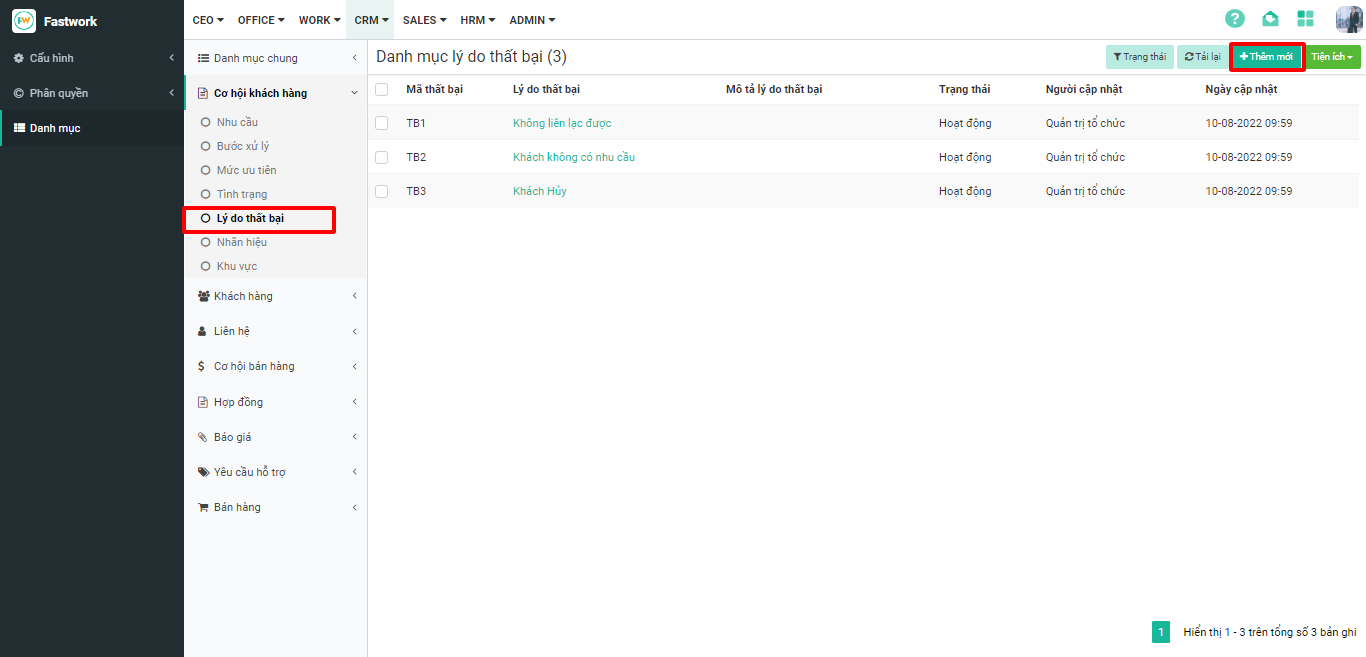 Bước 4 : Chọn Lý do thất bại, chọn Thêm mới
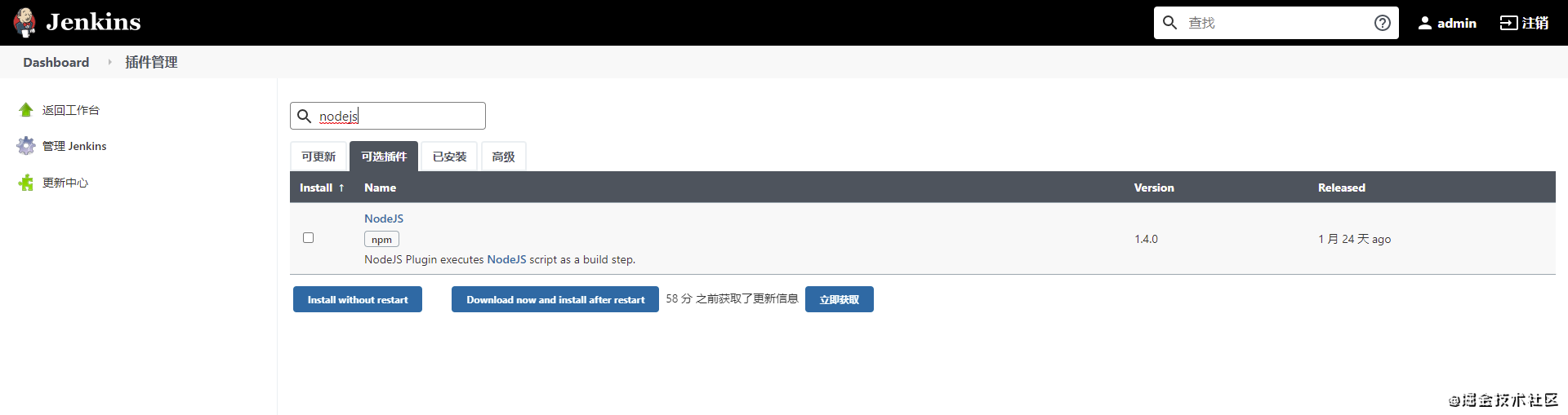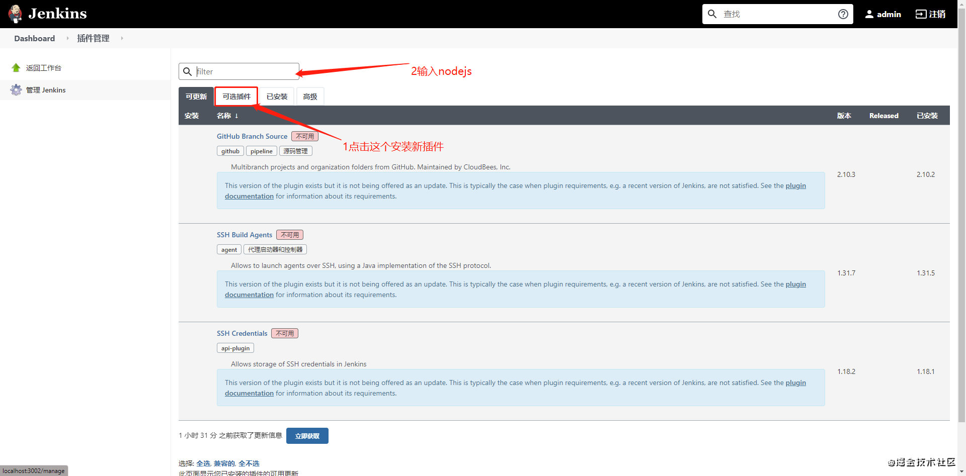 > 打包vue项目需要nodejs,打包完成后需要通过ssh把打包好的文件上传到目标服务器上。所以下面我们将会来安装jenkins的nodejs插件和Publish Over SSH插件。
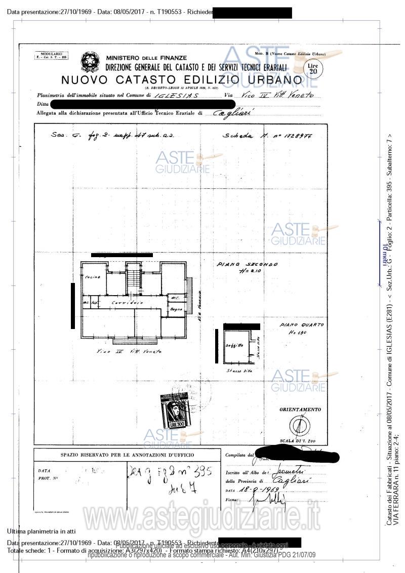 Appartamento al piano secondo con ingressi particolari al piano (due ingressi, alla sinistra e in fronte per chi giunge al piano), con locale sottotetto pertinenziale al piano quarto sottotetto, con porta di ingresso alla desta per chi giunge al pianerottolo condominiale. L' immobile è composto da sette vani, servizi e ripostiglio al piano secondo con annessa soffitta al piano quarto. APE classe G.
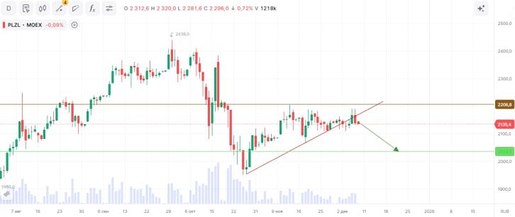 Цена пробила ключевую линию поддержки восходящего тренда и закрепилась ниже неё. Это признак завершения бычьего импульса и вероятного дальнейшего снижения. При позиции в 6% и стоп-заявке на уровне 2206,8 рублей риск для портфеля составит 0,2%. Отношение прибыли к риску — 1,39.
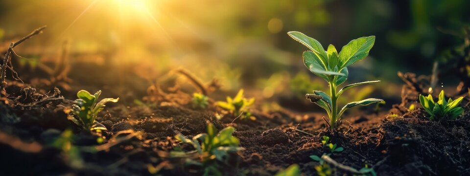A blooming snowdrop and a green sprout are symbols of the change of season, general renewal and new life. Generative AI
□ □ □
● The problem: Return verbatim every line from the line containing "Цена пробила ключевую" to the last line of the entries above, inclusive, and leave out the pictures.

● Response:
 Цена пробила ключевую линию поддержки восходящего тренда и закрепилась ниже неё. Это признак завершения бычьего импульса и вероятного дальнейшего снижения. При позиции в 6% и стоп-заявке на уровне 2206,8 рублей риск для портфеля составит 0,2%. Отношение прибыли к риску — 1,39.
A blooming snowdrop and a green sprout are symbols of the change of season, general renewal and new life. Generative AI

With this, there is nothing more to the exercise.